APP is a membrane protein that penetrates the membrane of nerve cells and is essential for the growth, survival, and repair of nerve cells. The gene encoding the APP protein is located on chromosome 21. The PS gene is responsible for the production of an intramembrane protein, and mutation in this gene causes a change in the amyloid precursor protein, leading to increased amyloid production. Mutations in both the APP and PS proteins consistently elevate levels of amyloid-beta peptides, particularly the more aggregation-prone amyloid-beta42. Amyloid-beta forms Ca²⁺ permeable pores and modulates several synaptic proteins, including mGluR5, VGCC, and NMDAR, inducing the overloading of neurons with calcium ions. As a result, cellular Ca²⁺ disturbances lead to autophagy defects, neuronal apoptosis, mitochondrial abnormalities, synaptic vulnerability, defective neurotransmission, and neurodegeneration in AD. Increased oxidative stress and metabolic disorders in AD lead to Endoplasmic Reticulum (ER) stress and neuronal death. ER stress is a condition caused by an imbalance between protein production and development, leading to problems in protein reactions. FAD-linked PS1 mutation reduces the unfolded protein response and results in vulnerability to ER stress. ApoE protein plays a role in the metabolism of body fats. This protein is involved in AD and cardiovascular disease and carries cholesterol into and out of the cells. Maintaining an optimal cholesterol level in the blood and the balancing role that lipoproteins play in cholesterol transport in the nervous system are important for brain health and neuronal function. In addition to the above genes, using the new GWAS approach (Genome-Wide Association Study), several chromosomal regions and some genetic loci related to the risk of AD have been identified. These regions are responsible for disease signaling and are involved in major pathophysiological pathways such as amyloid precursor protein metabolism. In genomic studies, it was found that 19 gene regions, CASS4, CELF1, FERMT2, HLA-DRB5, INPP5D, MEF2C, NME8, PTK2B, SORL1, ZCWPW1, SLC24A4, CLU, PICALM, CR1, BIN1, MS4A, ABCA7, EPHA1 and CD2AP, are effective in the risk of AD.
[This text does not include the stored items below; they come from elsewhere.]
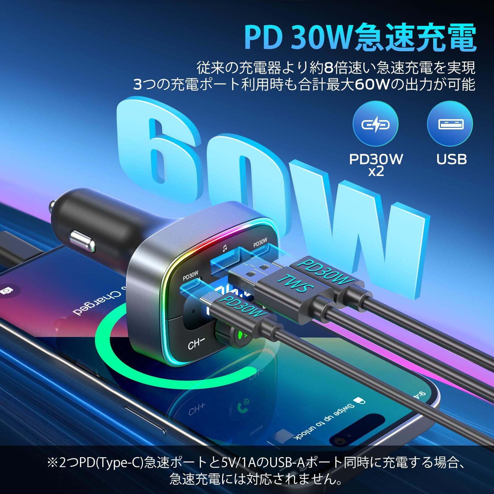 【業界最新Bluetooth5.4&PD 30W急速充電丨3台同時充電】:この車載FMトランスミッターは業界最新のBluetooth5.4を搭載し、よりも安定した高速接続を提供できます。Bluetooth5.4 FMトランスミッターの通信速度は8倍で、転送遅延と接続エラーの問題を最適化します。一度、Bluetoothペアリングを行った場合、二回目以降はエンジンをONにすると自動で再接続ます。2つPD 30W(Type-C)高速ポートは、従来の充電器より約8倍速い急速充電を実現することができます。2つのType-Cポートに加えて、5V/1AのUSB-Aポートも搭載しています。同時に3台のデバイスを充電でき、移動中でも複数デバイスの電池不足を解消できる。※2つPD(Type-C)急速ポートと5V/1AのUSB-Aポート同時に充電する場合、急速充電には対応されません。
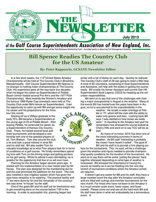 The newsletter of the Golf Course Superintendents Association of New England, Inc. (2013 July)
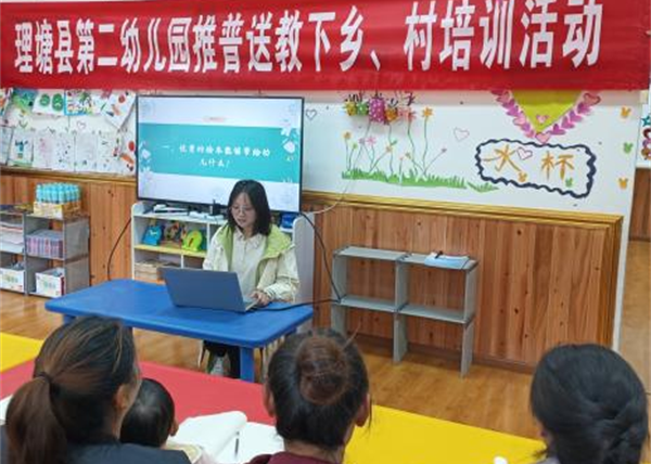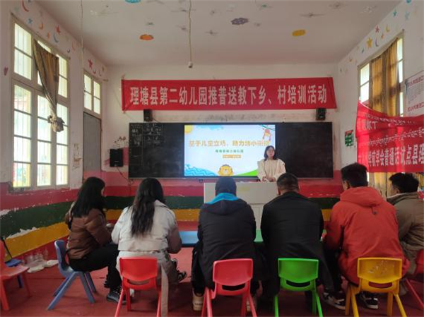 四川新闻网成都6月20日讯 “有一份光,发一份热,不必等待炬火”。这句话是熊仕蓉老师支教道路上的动力来源。为了能够尽自己最大的力量,在有限的支教时间里,发挥支教教师的辐射带动作用,影响到理塘县更多的幼儿教师,为更多的孩子点亮希望的微光,新都区机关幼儿园支教教师、新都区杨雪名师工作室成员熊仕蓉老师积极参与理塘县教育和体育局组织的幼儿园推普送教下乡、村培训活动,主动到比理塘县县城更偏远的君坝乡、呷洼乡、甲洼乡的幼教点开展公开课展示、专题培训活动。

Multiple hypotheses have been proposed for the cause of AD. The amyloid beta cascade hypothesis states that amyloid accumulation initiates AD, and evidence shows that disruption in Aβ clearance rather than overproduction of it causes AD. This molecule is the main factor in AD, and the results of mutations in the APP, PSEN1, and APOE genes also support this hypothesis. The amyloid oligomer hypothesis is the other hypothesis, leading to significant progress has been made in understanding the mechanisms of synapse destruction and neuronal death associated with it. Also, due to the role of lysosome destruction and autophagy in AD, other hypotheses for synapse destruction and neuronal death were proposed. Although amyloid-beta is at the forefront of the causative cascade of AD, it is also involved in the formation of hyperphosphorylated tau and NFT formation. Today, it is believed that amyloid beta and tau have mutual relationships and mutual effects. Many molecular pathways that lead to synapse destruction and neuronal death interact with each other, so a single hypothesis for the molecular causes of AD cannot be proposed.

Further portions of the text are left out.